On the US East Coast, 2M Alliance started a trans-Pacific service from Vietnam and China in March 2021 to US East Coast ports. This year, Zim launched an express service from the Port of Cai Mep and southern China to the US East Coast.
In response to the increased demand, the government of Vietnam is expected to begin dredging Cai Mep’s main shipping channel this year so it can more easily handle large ships without tidal restrictions, Alphaliner reported in April. The channel will go from 45 feet to 50 feet.
Vietnam service limited
UWL is not the only forwarder involved in container ship chartering. Transfar Shipping, one of the charter carriers that debuted last year in the trans-Pacific, is a subsidiary of Shanghai’s Worldwide Logistics Group, according to Armstrong & Associates.
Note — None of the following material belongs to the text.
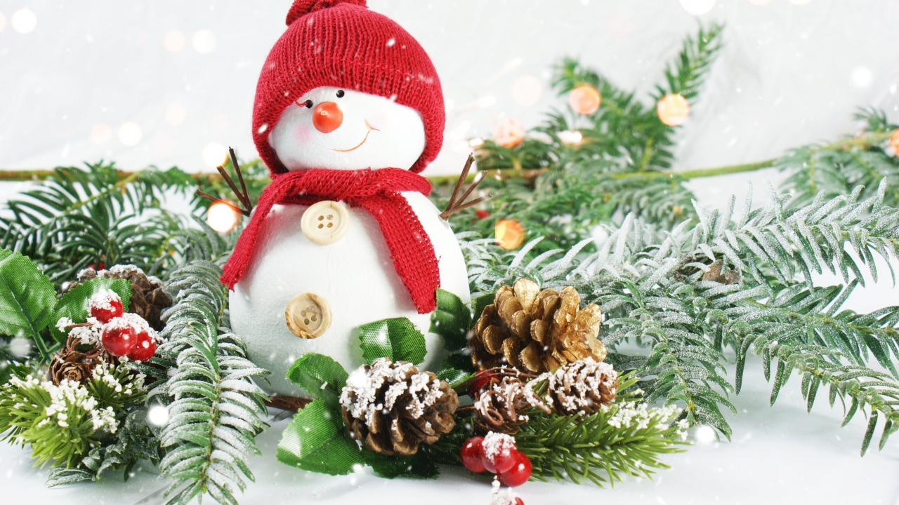 » Wallpaper Little snowman with fir branches

Originally set up to handle dry bulk shipping, Transfar chartered its first container ships and started offering service to the US West Coast and East Coast last year.
Wright said UWL’s legacy in ship agency and cargo handling for the Great Lakes bulk trade made it comfortable in vetting Swire and taking a more direct operational role in the service. As a regular service, Wright said about 85 percent of capacity is tied up in monthly cargo commitments, with the remainder available on a spot basis.
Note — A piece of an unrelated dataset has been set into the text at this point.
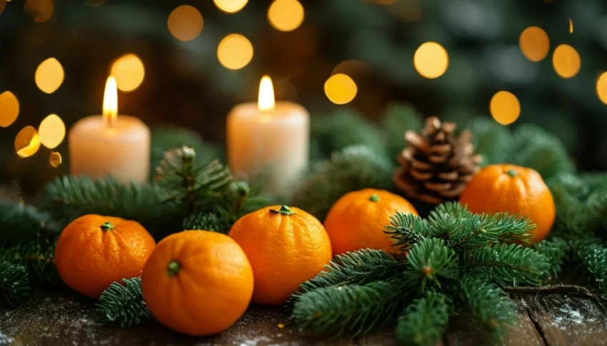 - Декор: хвойные композиции, шишки, свечи, мандарины.

Swire Shipping, which is part of Asia-Pacific conglomerate Swire Group, is looking to expand outside of its main market in providing liner services to and from South Pacific islands, Wright said. Swire also announced last week that it will be acquiring US-based forest products specialist Westwood Shipping Lines, which operates seven geared container ships that offer service from Asia to the Pacific Northwest. Wright said Swire is also buying its own containers in addition to the UWL containers it is using.
While originally focused on the import market, Wright said that the most recent sailing on the new service also carried its first US exports to Vietnam. Agricultural and forest product shippers in the Pacific Northwest are especially interested in the new service, he added.